DATA PROVIDED section start

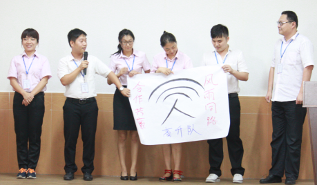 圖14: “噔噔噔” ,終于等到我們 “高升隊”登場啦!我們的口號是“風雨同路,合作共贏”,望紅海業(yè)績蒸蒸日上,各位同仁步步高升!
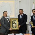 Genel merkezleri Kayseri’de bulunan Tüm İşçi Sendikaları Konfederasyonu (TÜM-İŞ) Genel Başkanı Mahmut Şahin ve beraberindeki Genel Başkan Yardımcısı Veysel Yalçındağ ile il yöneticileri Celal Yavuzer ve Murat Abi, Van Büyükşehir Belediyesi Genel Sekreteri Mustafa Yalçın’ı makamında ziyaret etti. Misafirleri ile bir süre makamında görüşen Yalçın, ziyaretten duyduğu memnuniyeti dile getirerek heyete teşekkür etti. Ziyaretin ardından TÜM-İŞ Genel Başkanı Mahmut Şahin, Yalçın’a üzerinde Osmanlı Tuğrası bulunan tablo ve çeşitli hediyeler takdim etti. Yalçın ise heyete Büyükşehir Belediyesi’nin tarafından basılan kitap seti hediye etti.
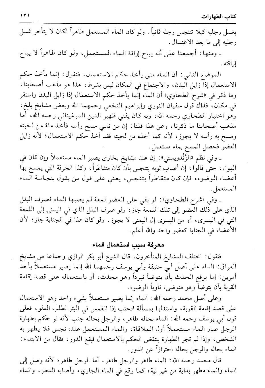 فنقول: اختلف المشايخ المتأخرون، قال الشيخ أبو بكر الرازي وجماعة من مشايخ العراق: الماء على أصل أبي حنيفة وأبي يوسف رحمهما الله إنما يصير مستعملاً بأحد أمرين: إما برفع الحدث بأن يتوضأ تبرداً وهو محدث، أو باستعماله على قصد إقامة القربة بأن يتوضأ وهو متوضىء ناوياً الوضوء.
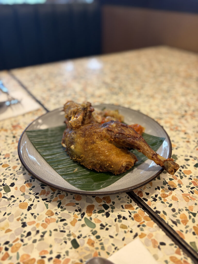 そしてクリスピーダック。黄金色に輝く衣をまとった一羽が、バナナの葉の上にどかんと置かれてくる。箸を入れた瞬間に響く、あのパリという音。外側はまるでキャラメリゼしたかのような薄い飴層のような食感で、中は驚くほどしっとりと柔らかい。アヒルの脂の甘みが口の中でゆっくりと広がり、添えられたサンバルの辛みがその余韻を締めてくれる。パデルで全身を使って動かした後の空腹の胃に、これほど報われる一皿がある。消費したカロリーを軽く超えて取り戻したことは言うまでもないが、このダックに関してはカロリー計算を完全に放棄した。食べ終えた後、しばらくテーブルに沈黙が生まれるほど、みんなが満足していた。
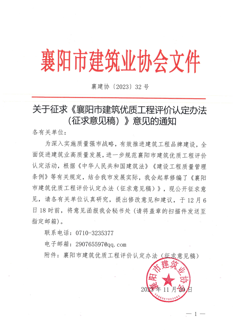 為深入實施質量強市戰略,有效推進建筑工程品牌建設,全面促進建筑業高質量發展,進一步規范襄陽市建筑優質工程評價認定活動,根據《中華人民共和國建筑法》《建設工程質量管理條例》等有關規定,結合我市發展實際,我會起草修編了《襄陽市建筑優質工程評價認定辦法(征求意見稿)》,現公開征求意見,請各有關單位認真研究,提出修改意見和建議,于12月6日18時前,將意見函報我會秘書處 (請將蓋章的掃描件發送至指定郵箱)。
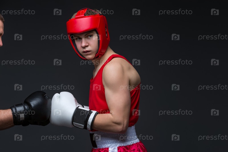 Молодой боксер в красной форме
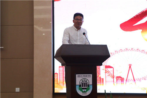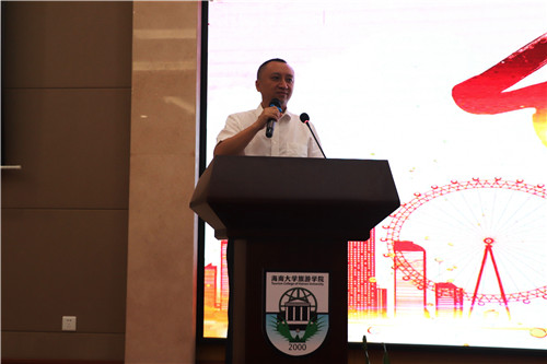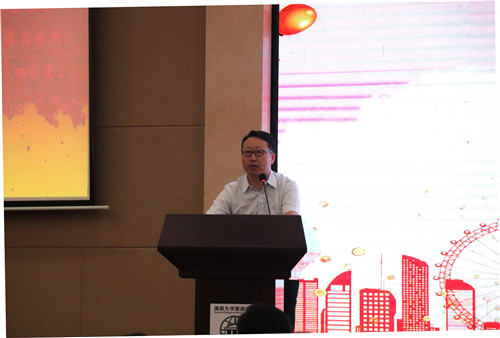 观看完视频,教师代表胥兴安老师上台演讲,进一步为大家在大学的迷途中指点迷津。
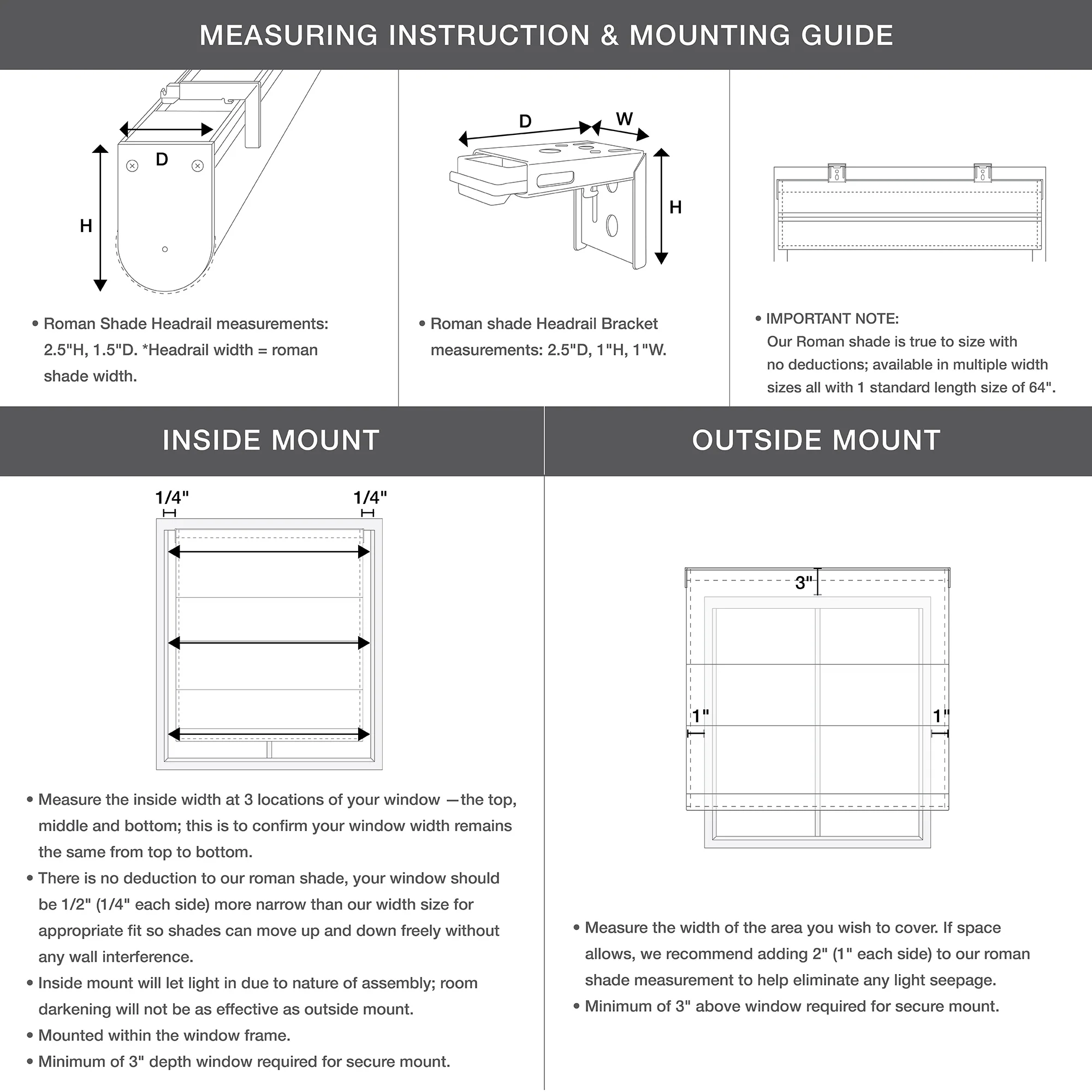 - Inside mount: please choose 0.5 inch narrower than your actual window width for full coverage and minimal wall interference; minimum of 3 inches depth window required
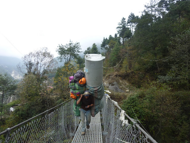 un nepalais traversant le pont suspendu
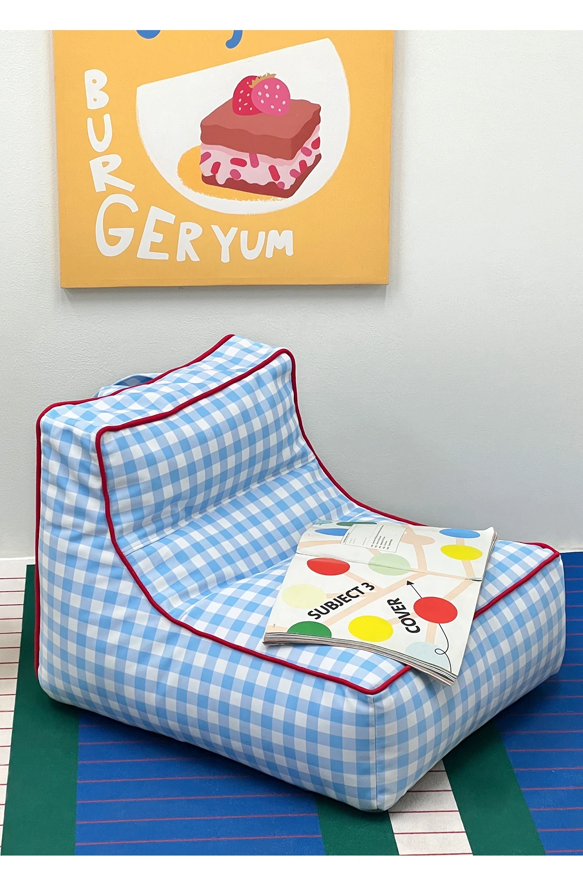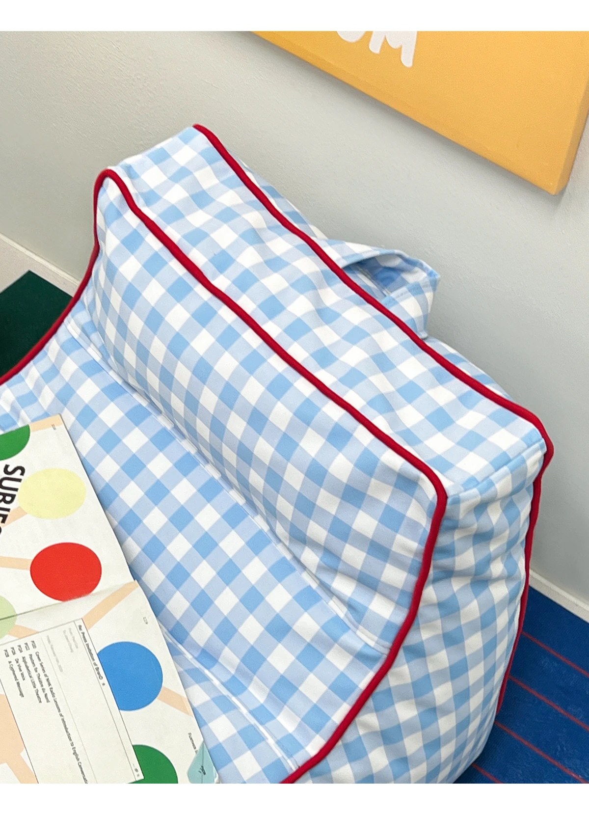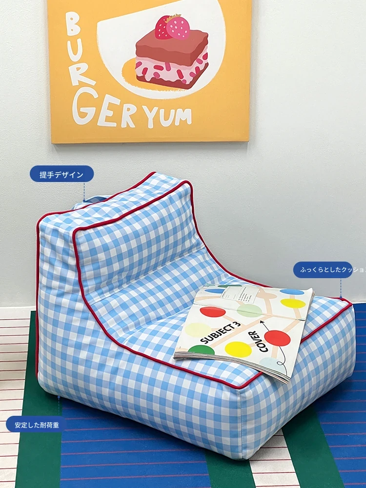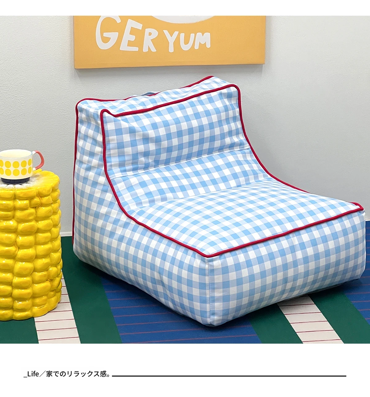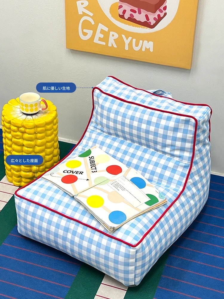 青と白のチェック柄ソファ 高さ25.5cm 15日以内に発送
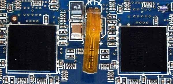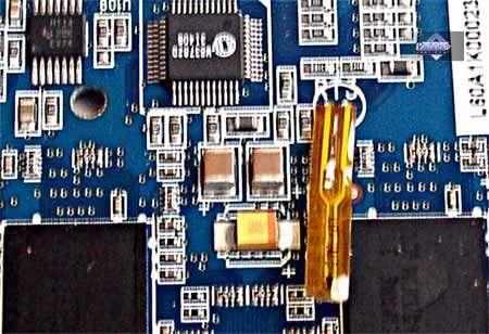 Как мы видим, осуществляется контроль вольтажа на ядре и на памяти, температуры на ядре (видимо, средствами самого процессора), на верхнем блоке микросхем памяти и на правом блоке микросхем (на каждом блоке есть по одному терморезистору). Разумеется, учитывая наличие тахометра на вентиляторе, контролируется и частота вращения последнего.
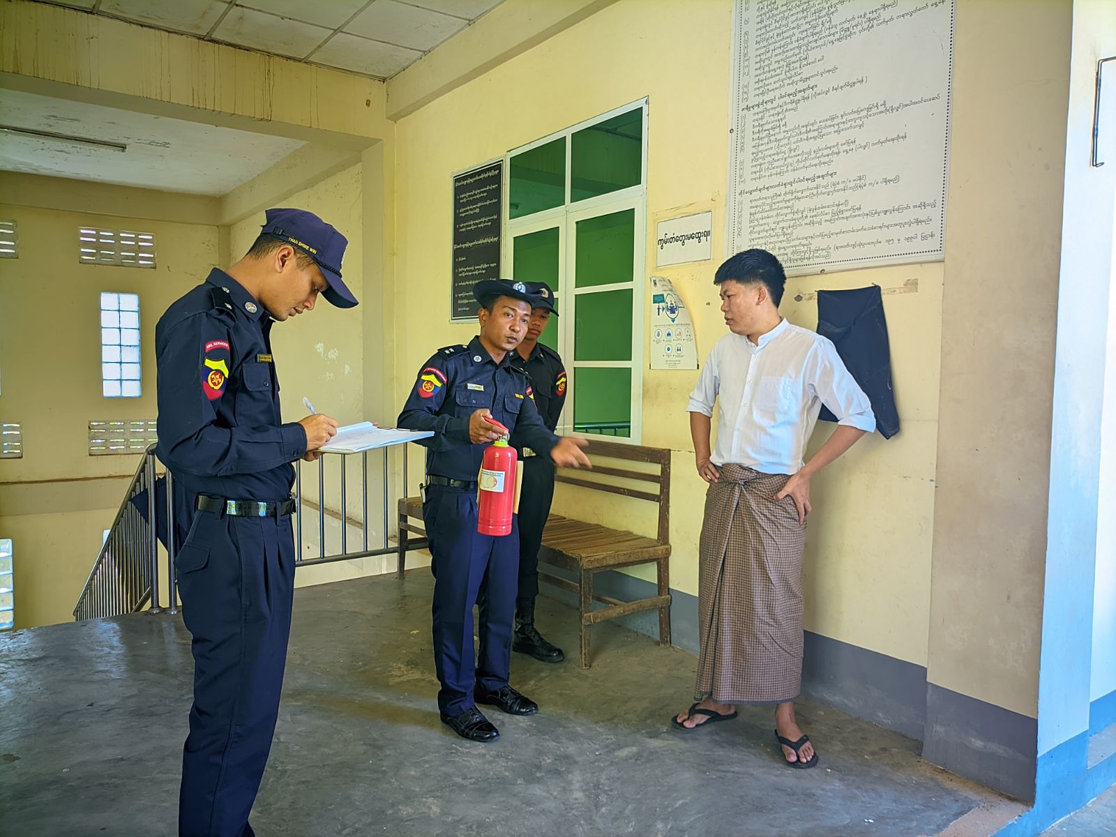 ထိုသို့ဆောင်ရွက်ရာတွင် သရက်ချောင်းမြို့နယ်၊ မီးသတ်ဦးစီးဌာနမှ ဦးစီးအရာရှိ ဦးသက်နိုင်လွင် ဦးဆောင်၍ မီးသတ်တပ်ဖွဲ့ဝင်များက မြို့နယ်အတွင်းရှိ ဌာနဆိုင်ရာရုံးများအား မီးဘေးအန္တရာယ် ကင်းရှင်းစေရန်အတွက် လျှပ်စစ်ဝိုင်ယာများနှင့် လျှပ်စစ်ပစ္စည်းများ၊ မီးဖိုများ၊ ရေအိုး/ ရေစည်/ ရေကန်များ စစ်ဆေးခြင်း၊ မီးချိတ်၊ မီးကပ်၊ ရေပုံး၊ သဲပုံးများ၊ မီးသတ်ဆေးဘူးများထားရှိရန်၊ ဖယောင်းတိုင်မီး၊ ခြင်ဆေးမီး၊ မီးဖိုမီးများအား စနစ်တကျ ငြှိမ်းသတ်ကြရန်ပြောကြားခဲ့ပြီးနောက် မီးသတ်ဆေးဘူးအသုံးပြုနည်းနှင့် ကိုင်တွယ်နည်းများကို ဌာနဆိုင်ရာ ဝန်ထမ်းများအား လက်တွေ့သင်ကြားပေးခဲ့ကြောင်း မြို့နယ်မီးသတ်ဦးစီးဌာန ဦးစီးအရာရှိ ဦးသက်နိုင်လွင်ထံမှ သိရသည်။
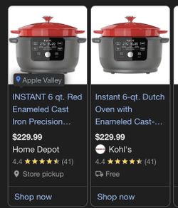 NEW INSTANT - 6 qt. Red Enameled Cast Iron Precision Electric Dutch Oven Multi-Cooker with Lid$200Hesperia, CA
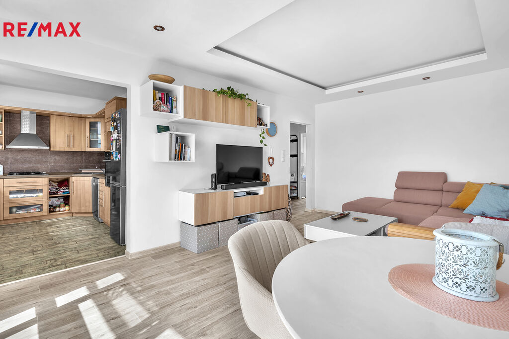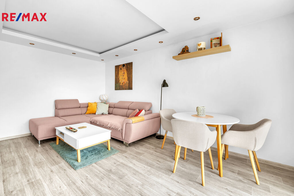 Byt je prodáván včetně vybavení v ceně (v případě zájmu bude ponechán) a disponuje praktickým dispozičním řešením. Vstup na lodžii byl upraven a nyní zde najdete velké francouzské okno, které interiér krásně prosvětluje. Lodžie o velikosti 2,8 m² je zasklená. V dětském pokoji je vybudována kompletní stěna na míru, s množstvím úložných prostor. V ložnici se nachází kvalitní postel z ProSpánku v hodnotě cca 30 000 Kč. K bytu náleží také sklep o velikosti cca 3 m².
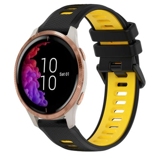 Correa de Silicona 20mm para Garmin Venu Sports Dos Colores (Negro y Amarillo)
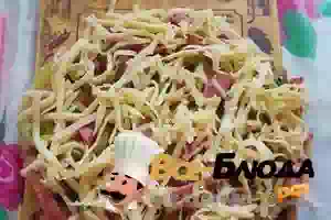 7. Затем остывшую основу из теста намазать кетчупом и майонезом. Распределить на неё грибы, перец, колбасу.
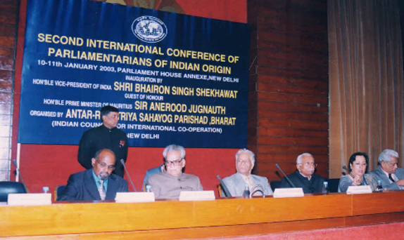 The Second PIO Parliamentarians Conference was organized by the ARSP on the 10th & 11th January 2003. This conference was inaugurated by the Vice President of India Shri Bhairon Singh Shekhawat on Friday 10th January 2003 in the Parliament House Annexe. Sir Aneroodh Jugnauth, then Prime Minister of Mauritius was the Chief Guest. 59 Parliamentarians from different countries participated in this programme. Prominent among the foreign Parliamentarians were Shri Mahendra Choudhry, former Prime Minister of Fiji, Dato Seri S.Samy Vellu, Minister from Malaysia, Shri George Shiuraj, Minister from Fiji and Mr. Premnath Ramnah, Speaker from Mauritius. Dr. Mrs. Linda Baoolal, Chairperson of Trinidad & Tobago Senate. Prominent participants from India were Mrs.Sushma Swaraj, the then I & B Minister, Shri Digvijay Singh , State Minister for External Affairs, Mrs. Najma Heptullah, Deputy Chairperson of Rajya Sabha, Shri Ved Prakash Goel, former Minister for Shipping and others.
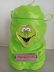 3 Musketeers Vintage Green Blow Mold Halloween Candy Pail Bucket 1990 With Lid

DATA PROVIDED section end

• ASSIGNED TASK: Return the listing above verbatim and exclude every picture.

• OUTPUT OF THE EXERCISE:
 圖14: “噔噔噔” ,終于等到我們 “高升隊”登場啦!我們的口號是“風雨同路,合作共贏”,望紅海業(yè)績蒸蒸日上,各位同仁步步高升!
 Genel merkezleri Kayseri’de bulunan Tüm İşçi Sendikaları Konfederasyonu (TÜM-İŞ) Genel Başkanı Mahmut Şahin ve beraberindeki Genel Başkan Yardımcısı Veysel Yalçındağ ile il yöneticileri Celal Yavuzer ve Murat Abi, Van Büyükşehir Belediyesi Genel Sekreteri Mustafa Yalçın’ı makamında ziyaret etti. Misafirleri ile bir süre makamında görüşen Yalçın, ziyaretten duyduğu memnuniyeti dile getirerek heyete teşekkür etti. Ziyaretin ardından TÜM-İŞ Genel Başkanı Mahmut Şahin, Yalçın’a üzerinde Osmanlı Tuğrası bulunan tablo ve çeşitli hediyeler takdim etti. Yalçın ise heyete Büyükşehir Belediyesi’nin tarafından basılan kitap seti hediye etti.
 فنقول: اختلف المشايخ المتأخرون، قال الشيخ أبو بكر الرازي وجماعة من مشايخ العراق: الماء على أصل أبي حنيفة وأبي يوسف رحمهما الله إنما يصير مستعملاً بأحد أمرين: إما برفع الحدث بأن يتوضأ تبرداً وهو محدث، أو باستعماله على قصد إقامة القربة بأن يتوضأ وهو متوضىء ناوياً الوضوء.
 そしてクリスピーダック。黄金色に輝く衣をまとった一羽が、バナナの葉の上にどかんと置かれてくる。箸を入れた瞬間に響く、あのパリという音。外側はまるでキャラメリゼしたかのような薄い飴層のような食感で、中は驚くほどしっとりと柔らかい。アヒルの脂の甘みが口の中でゆっくりと広がり、添えられたサンバルの辛みがその余韻を締めてくれる。パデルで全身を使って動かした後の空腹の胃に、これほど報われる一皿がある。消費したカロリーを軽く超えて取り戻したことは言うまでもないが、このダックに関してはカロリー計算を完全に放棄した。食べ終えた後、しばらくテーブルに沈黙が生まれるほど、みんなが満足していた。
 為深入實施質量強市戰略,有效推進建筑工程品牌建設,全面促進建筑業高質量發展,進一步規范襄陽市建筑優質工程評價認定活動,根據《中華人民共和國建筑法》《建設工程質量管理條例》等有關規定,結合我市發展實際,我會起草修編了《襄陽市建筑優質工程評價認定辦法(征求意見稿)》,現公開征求意見,請各有關單位認真研究,提出修改意見和建議,于12月6日18時前,將意見函報我會秘書處 (請將蓋章的掃描件發送至指定郵箱)。
 Молодой боксер в красной форме
 观看完视频,教师代表胥兴安老师上台演讲,进一步为大家在大学的迷途中指点迷津。
 - Inside mount: please choose 0.5 inch narrower than your actual window width for full coverage and minimal wall interference; minimum of 3 inches depth window required
 un nepalais traversant le pont suspendu
 青と白のチェック柄ソファ 高さ25.5cm 15日以内に発送
 Как мы видим, осуществляется контроль вольтажа на ядре и на памяти, температуры на ядре (видимо, средствами самого процессора), на верхнем блоке микросхем памяти и на правом блоке микросхем (на каждом блоке есть по одному терморезистору). Разумеется, учитывая наличие тахометра на вентиляторе, контролируется и частота вращения последнего.
 ထိုသို့ဆောင်ရွက်ရာတွင် သရက်ချောင်းမြို့နယ်၊ မီးသတ်ဦးစီးဌာနမှ ဦးစီးအရာရှိ ဦးသက်နိုင်လွင် ဦးဆောင်၍ မီးသတ်တပ်ဖွဲ့ဝင်များက မြို့နယ်အတွင်းရှိ ဌာနဆိုင်ရာရုံးများအား မီးဘေးအန္တရာယ် ကင်းရှင်းစေရန်အတွက် လျှပ်စစ်ဝိုင်ယာများနှင့် လျှပ်စစ်ပစ္စည်းများ၊ မီးဖိုများ၊ ရေအိုး/ ရေစည်/ ရေကန်များ စစ်ဆေးခြင်း၊ မီးချိတ်၊ မီးကပ်၊ ရေပုံး၊ သဲပုံးများ၊ မီးသတ်ဆေးဘူးများထားရှိရန်၊ ဖယောင်းတိုင်မီး၊ ခြင်ဆေးမီး၊ မီးဖိုမီးများအား စနစ်တကျ ငြှိမ်းသတ်ကြရန်ပြောကြားခဲ့ပြီးနောက် မီးသတ်ဆေးဘူးအသုံးပြုနည်းနှင့် ကိုင်တွယ်နည်းများကို ဌာနဆိုင်ရာ ဝန်ထမ်းများအား လက်တွေ့သင်ကြားပေးခဲ့ကြောင်း မြို့နယ်မီးသတ်ဦးစီးဌာန ဦးစီးအရာရှိ ဦးသက်နိုင်လွင်ထံမှ သိရသည်။
 NEW INSTANT - 6 qt. Red Enameled Cast Iron Precision Electric Dutch Oven Multi-Cooker with Lid$200Hesperia, CA
 Byt je prodáván včetně vybavení v ceně (v případě zájmu bude ponechán) a disponuje praktickým dispozičním řešením. Vstup na lodžii byl upraven a nyní zde najdete velké francouzské okno, které interiér krásně prosvětluje. Lodžie o velikosti 2,8 m² je zasklená. V dětském pokoji je vybudována kompletní stěna na míru, s množstvím úložných prostor. V ložnici se nachází kvalitní postel z ProSpánku v hodnotě cca 30 000 Kč. K bytu náleží také sklep o velikosti cca 3 m².
 Correa de Silicona 20mm para Garmin Venu Sports Dos Colores (Negro y Amarillo)
 7. Затем остывшую основу из теста намазать кетчупом и майонезом. Распределить на неё грибы, перец, колбасу.
 The Second PIO Parliamentarians Conference was organized by the ARSP on the 10th & 11th January 2003. This conference was inaugurated by the Vice President of India Shri Bhairon Singh Shekhawat on Friday 10th January 2003 in the Parliament House Annexe. Sir Aneroodh Jugnauth, then Prime Minister of Mauritius was the Chief Guest. 59 Parliamentarians from different countries participated in this programme. Prominent among the foreign Parliamentarians were Shri Mahendra Choudhry, former Prime Minister of Fiji, Dato Seri S.Samy Vellu, Minister from Malaysia, Shri George Shiuraj, Minister from Fiji and Mr. Premnath Ramnah, Speaker from Mauritius. Dr. Mrs. Linda Baoolal, Chairperson of Trinidad & Tobago Senate. Prominent participants from India were Mrs.Sushma Swaraj, the then I & B Minister, Shri Digvijay Singh , State Minister for External Affairs, Mrs. Najma Heptullah, Deputy Chairperson of Rajya Sabha, Shri Ved Prakash Goel, former Minister for Shipping and others.
 3 Musketeers Vintage Green Blow Mold Halloween Candy Pail Bucket 1990 With Lid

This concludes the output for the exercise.